Trial by Battle is the first book in a multi-volume epic history of the Hundred Years War between France and England. It's a detailed historical work, based almost entirely on original sources of which the author is an acknowledged master. At nearly 650 pages long, including end-matter, the book is a hefty read, yet covers only the first part of the war - the feudal conflicts that gave rise to the sustained war and the first years. The reader is taken as far as the Battle of Crecy and the capture of Calais by the English.

Out of necessity, much of the detailed history of the 14th century covers the deeds of great men and a handful of great women. These tended to be the things that were recorded by contemporary chroniclers. So I was pleased to discover that Sumption has not written a history that simply covers palace intrigues, battles and acts of chivalry. Instead, as far as he is able, he draws out deeper historical processes and lesser considered events. For instance, a great theme of the this book is the way that the War was shaped by the difficulties that the two principal kings in the period, Edward III and Philip VI had in raising cash. This is a recurring issue for both, though a real problem for Edward who was trying to fight abroad. It affected everything - from numbers of troops to the alliances that Edward made. 

In part, the problem of ready cash was simply about the economic hardship that followed years of war, and the reticence of the lower-orders to stump up taxes. More deeply it was a problem that had roots in wider economic problems. As Sumption points out for France:

One of the things, however, which almost all of the nobility had in common was that they were encountering mounting financial difficulties from the second half of the thirteenth century onward, difficulties which were mainly attributable to the problems of the French agricultural economy but which the government exacerbated. The pressure on them came from several sources. In almost every case they suffered from a sever and continuous rise in their cost of living.

The problem for the wealthy was profound, but for the "lesser men" it was far worse. The implications of economic difficulties and changes played out across the continent. In Flanders where a nascent capitalist wool and cloth trade was closely linked to English exports and French agriculture, the masses led proto-workers revolts that allowed Edward III to drive a wedge between them and their traditional French lords.

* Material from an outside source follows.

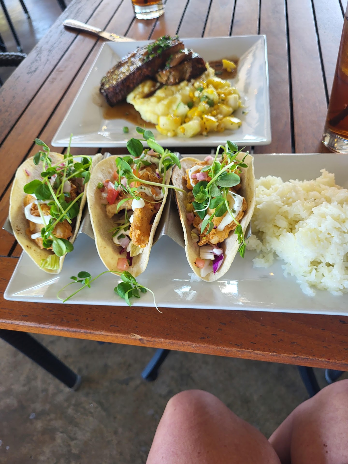 This was our first visit. We had not previewed the menu and only one friend has told me she has been there (for pizza and drinks). We were tired and hot. He from working around the yard, and I from having just returned from a 4 day visit with family. And, we rode to the restaurant with the top down, so our hair was outrageous, and my clothes didn't even match! We arrived 30 minutes before opening and nearly went elsewhere. That would have been a BIG, HUGE mistake. But, we decided to visit the art gallery a few doors down (and you should, too!). When we returned, we were kindly greeted, in spite of our appearance. We were informed that the reservation list was full for the evening, but if we thought we would be finished within an hour and 45 minutes, there was availability. (I appreciate that because I have been delayed getting a reserved table in the past, due to lingering patrons). So, we were seated and within minutes, our server, Pedro G. greeted us and took our drink order, a sweet tea, and my unsweetened tea. Now, this may sound crazy, but this was the BEST unsweetened tea I have EVER had. It wasn't bitter, sour, or sharp, like unsweet tea usually is. I wish I could make it that good at home. When Pedro returned, we ordered our entrees. Pedro was asked whether he recommended the Grilled Meatloaf or the....(we will never know what the other entree was because) Pedro quickly stopped the question with his answer, "No contest, the grilled meatloaf." Then Pedro asked for my order. I said, "Well, whatever is 2nd best"! No, I ordered the fried fish tacos. That day, the fish was Cobia. It was outstanding. And, Pedro was correct, the Grilled Meatloaf was fabulous. I highly recommend it, and the gravy was perfectly proportioned to not overpower the flavor of the grilled meat. I do not want to ignore the sides. Mashed potatoes and mixed vegetables were with the meatloaf. There was yellow squash and corn (I think shoepeg). Amazing. It was not overcooked, or over salted, or over buttered. It was tasty and had a fresh, pleasing crunch. My sides were black beans and white rice. Since I despise black beans, Pedro suggested double rice. I am not a fan of rice, either, but I was once again blindsided with how great this rice was. It did NOT taste like a clump of starch! It had a flavor I cannot describe. It did not seem to be the standard "chicken broth", but perhaps a brine or vinegar. But it wasn't sour or sweet. It was just GOOD. I did not mention that this was my birthday, because we didn't want any extra attention, nor anything "free", and I can wait another year to be serenaded! And, since I had been blessed with too many birthday pastries this week, we were going to pass on the desserts. BUT, because the entrees were so good, we could not help but wonder how good the desserts might be. We decided to share the Banana Butter Cake. WOW. It was light, not overly sweet, and the perfect finish. We were not able to finish our entrees since we wanted room for that dessert, and Pedro had brought us a carry out container for the remainder. I don't want to forget to mention the impeccable service. Pedro was observant and kept us hydrated without us ever having to ask. The staff and management stopped by our table to see if we needed anything several times, but were never intrusive. It was an overall exceptional experience and we intend to visit in the future and try the pizza. PS: I forgot to mention the garnish! The garnish on the tacos reminded me of a wild weed, that as children, we would pretend to make salads and have picnics with, and eat them from our yards. We were told they were "micro greens". But, I would not have been upset if they had said it was wild sour grass! It paired perfectly...

Added to this were complications of geography and history. Today, in an era where international politics is dominated by the nation state, its hard to understand how different things were in the 14th century. England and France were much more nebulous concepts. Bits of the area that is now known as France were considered English and the people there had somewhat ambiguous relations with the government. As Sumption reminds us

Between Brittany and England there were ancient connections which made the dukes uncertain friends of France for all their exalted status in the French peerage. It could scarcely have been otherwise, their geographical situation being what it was.

Sumption doesn't point it out, but this worked in the other direction to. Cornwall, which had close economic, language and cultural ties to Brittany, had loser ties to London - a significant factor in the 1497 rebellion against Henry VII's government. But these links meant that rulers in 'England' could legitimately claim rights to huge chunks of 'France' in ways that seem impossible today - and various local lords might change allegiance depending on how the wind was blowing.

Edward III's relations with the ruling classes in Flanders ebb and flow through the book based on economic and military changes. Philip VI's own fortunes are buffeted by similar issues, though he is less flexible from a military point of view. In part this must be because by mid 1340s Philip is forced to keep an eye on three areas of potential military strife, Gascony, Brittany and the Normandy area where Edward is likely to invade.

But it is also because he has a inaccurate view of how Edward III's fortunes have changed. The early years of the Hundred Years War are dominated by ineptitude on the part of Edward whose financial problems undermine his ability to fight freely. But by 1340s these have been partly overcome, and the English have developed their own military skills. Sumption argues that the English had gone through a "military revolution", in part because of the associated wars with Scotland.

After 1327 the "whole [English] army was paid wages, from the principal earls downwards... They fought together with their friends and neighbours, sometimes year after year in the same retinues... The retainers of the nobility were no doubt less diligent, but it is clear that they contributed a great deal to the progressive militarization of English provincial life during the 1330s. War became another field for the elaborate web of interest and obligation which bound their world together."

The debacle for the French at Crecy has much to do with the skills of the English longbowman, but also the way that an underprepared Philip was forced into fighting by public pressure and found himself engaging with a new type of fighting that the French were not prepared for.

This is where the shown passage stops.